The guests in the photographs of Scottie and Babe Devens’s last party looked to Cardozo like a bunch of rouged-up clowns, living in a world that rained diamonds and tinsel and cocaine.

He couldn’t picture her in that society. Didn’t want to.

He pushed the buzzer of number 18 Sutton Place, a gray slate town house with French château turrets. A stiff-necked butler let him in.

“Would you care to wait in the sitting room, sir?”

“That’s all right, Wheelock. Here I am.”

Cardozo turned. Babe Devens was wheeling herself out of the elevator, hair honey blond and eyes sky blue, and his heart gave a little jump of pleasure. Her blue silk afternoon dress shimmered faintly. Smiling, she stretched out her hand. “You’re very kind to come.”

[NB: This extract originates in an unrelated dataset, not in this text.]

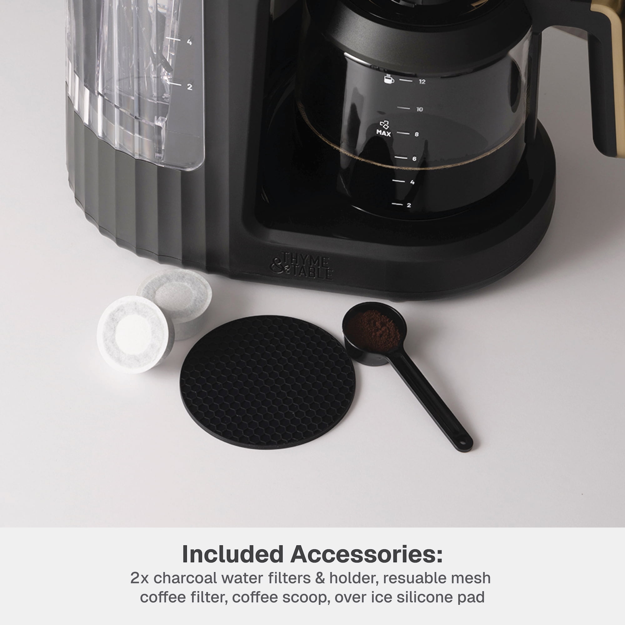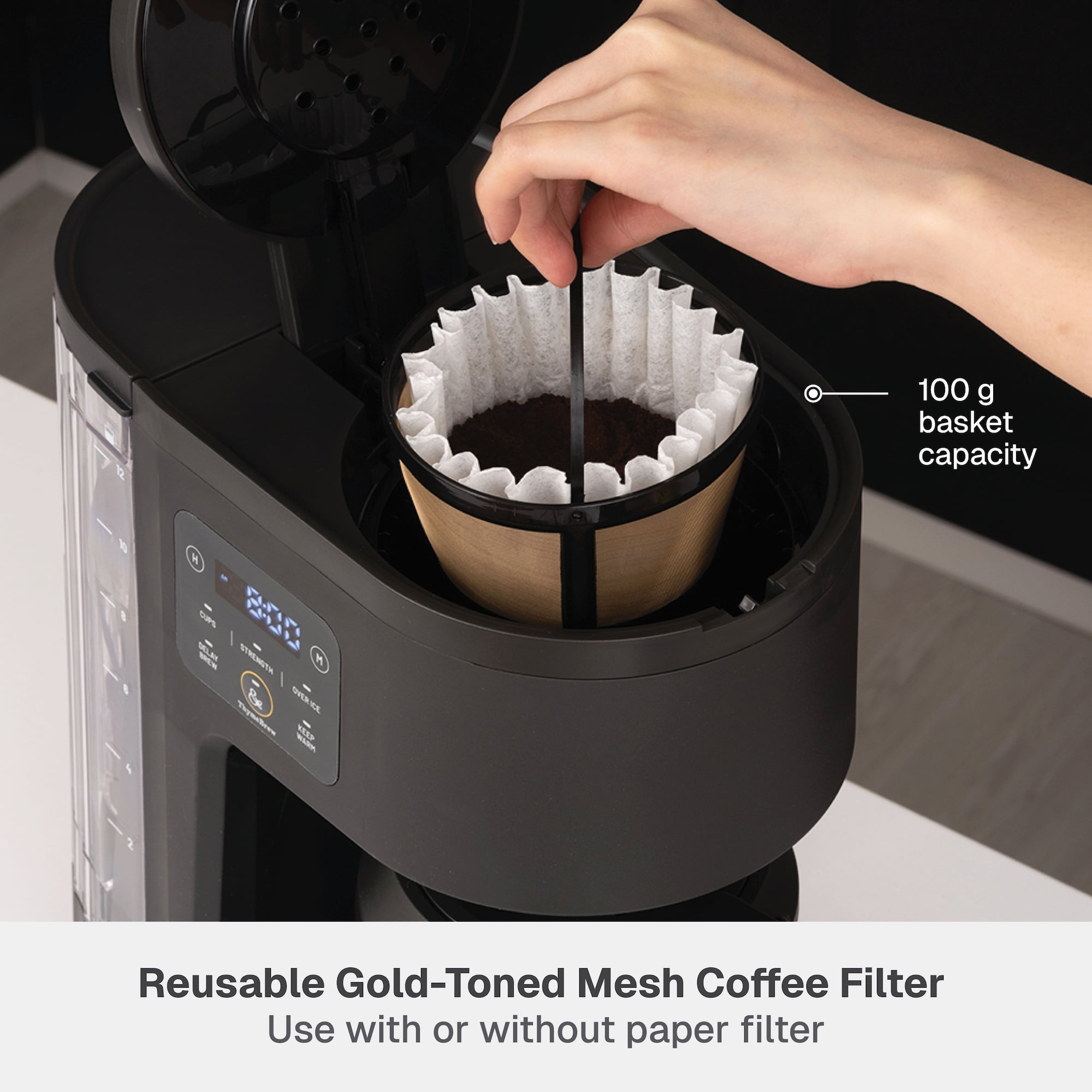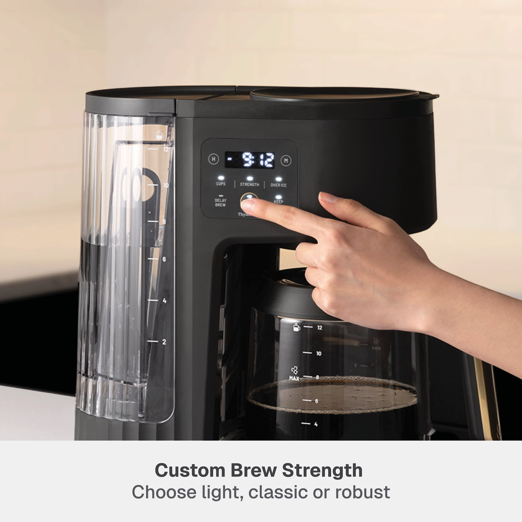 ThymeBrew™ Technology & XL shower head spout for max flavor extraction Programmable brewing 4 brewing modes: Light, Classic, Robust & Over Ice Over Ice preset for brewing coffee that easily chills without diluting flavor Removable water tank (60 oz/1.8 L) to easily clean & refill 100 g basket capacity Keeps warm up to 4 hours Overheat protection system Charcoal filter helps prevent impurity build-up & provide a more flavorful cup of coffee Auto-seal function to automatically stop coffee drips when the carafe is removed Borosilicate glass carafe with metal handle to withstand daily use Includes: 2x charcoal water filters & holder, reusable mesh coffee filter, coffee scoop, over ice silicone pad Recipes included for daily inspiration Total product weight: 7.7 lbs Exclusively sold at

He took the hand, held it, and said “Hello,” and when she looked at him strangely he realized he’d forgotten to let go.

“Do you think it’s too warm for iced tea on the terrace?”

“The terrace is fine by me,” he said.

He followed her through a room that looked as though someone had robbed a museum to furnish it. The thought came to him that if he accidentally knocked an objet off a table he’d be busting two hundred thousand dollars. He felt clumsy and intimidated, and he made up for it by adopting a careful swagger.

She used her chair smoothly, her movements strong and practiced and precise. He opened the terrace door for her, and she wheeled her chair to a little wicker patio table.

A row of boxwood bushes and small dogwoods just beyond the flagstones afforded a token sort of privacy, marking the space off from the rest of the park. Beyond the hedge a tree-fringed lawn stretched almost to the river.